* **What you should do**: Look through the data below for the line with "868-754 Siyah Kroko" and the line with "Sweetina Top De", then transcribe exactly from the first through the second, leaving out all pictures.

* **Available data**:
- Opening Delimiter -
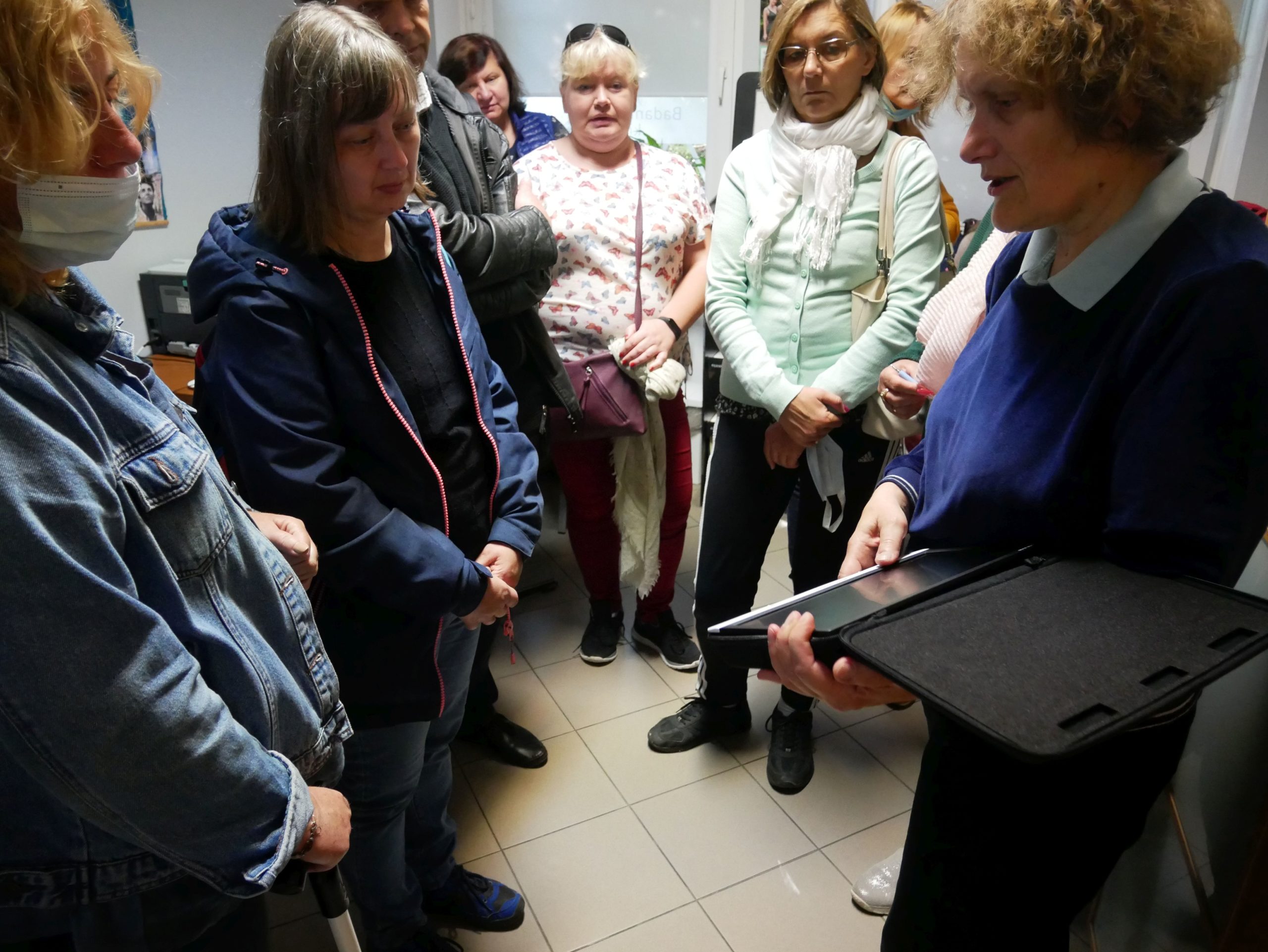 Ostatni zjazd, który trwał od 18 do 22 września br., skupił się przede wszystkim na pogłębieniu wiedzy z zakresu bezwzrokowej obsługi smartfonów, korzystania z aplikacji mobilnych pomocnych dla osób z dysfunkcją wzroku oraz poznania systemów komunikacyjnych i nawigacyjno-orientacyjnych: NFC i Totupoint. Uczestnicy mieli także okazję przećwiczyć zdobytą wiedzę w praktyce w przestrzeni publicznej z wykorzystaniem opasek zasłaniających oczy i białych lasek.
- Closing Delimiter -
- Opening Delimiter -
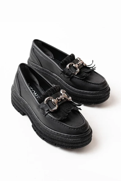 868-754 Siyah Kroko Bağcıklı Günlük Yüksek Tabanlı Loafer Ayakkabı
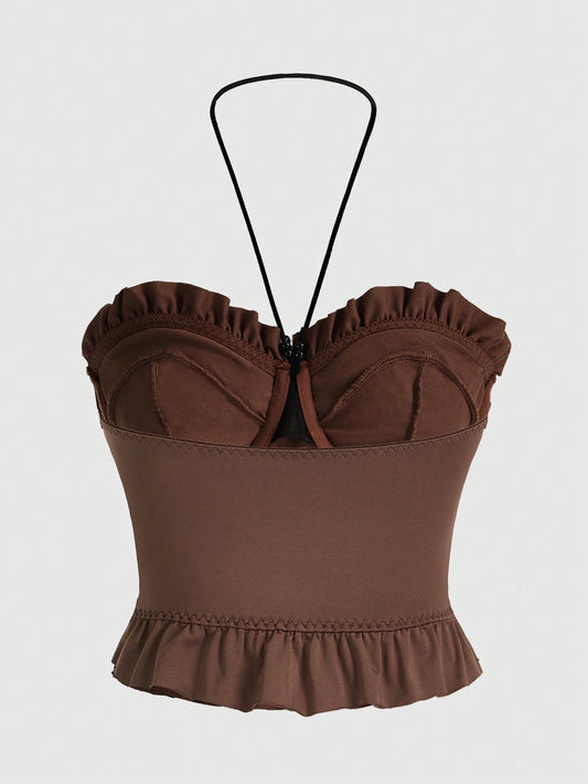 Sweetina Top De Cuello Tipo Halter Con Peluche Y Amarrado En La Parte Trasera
- Closing Delimiter -
- Opening Delimiter -
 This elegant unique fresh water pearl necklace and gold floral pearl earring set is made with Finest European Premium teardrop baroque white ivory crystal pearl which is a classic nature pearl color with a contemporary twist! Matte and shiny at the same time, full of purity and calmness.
- Closing Delimiter -
* **Completed exercise**:
 868-754 Siyah Kroko Bağcıklı Günlük Yüksek Tabanlı Loafer Ayakkabı
 Sweetina Top De Cuello Tipo Halter Con Peluche Y Amarrado En La Parte Trasera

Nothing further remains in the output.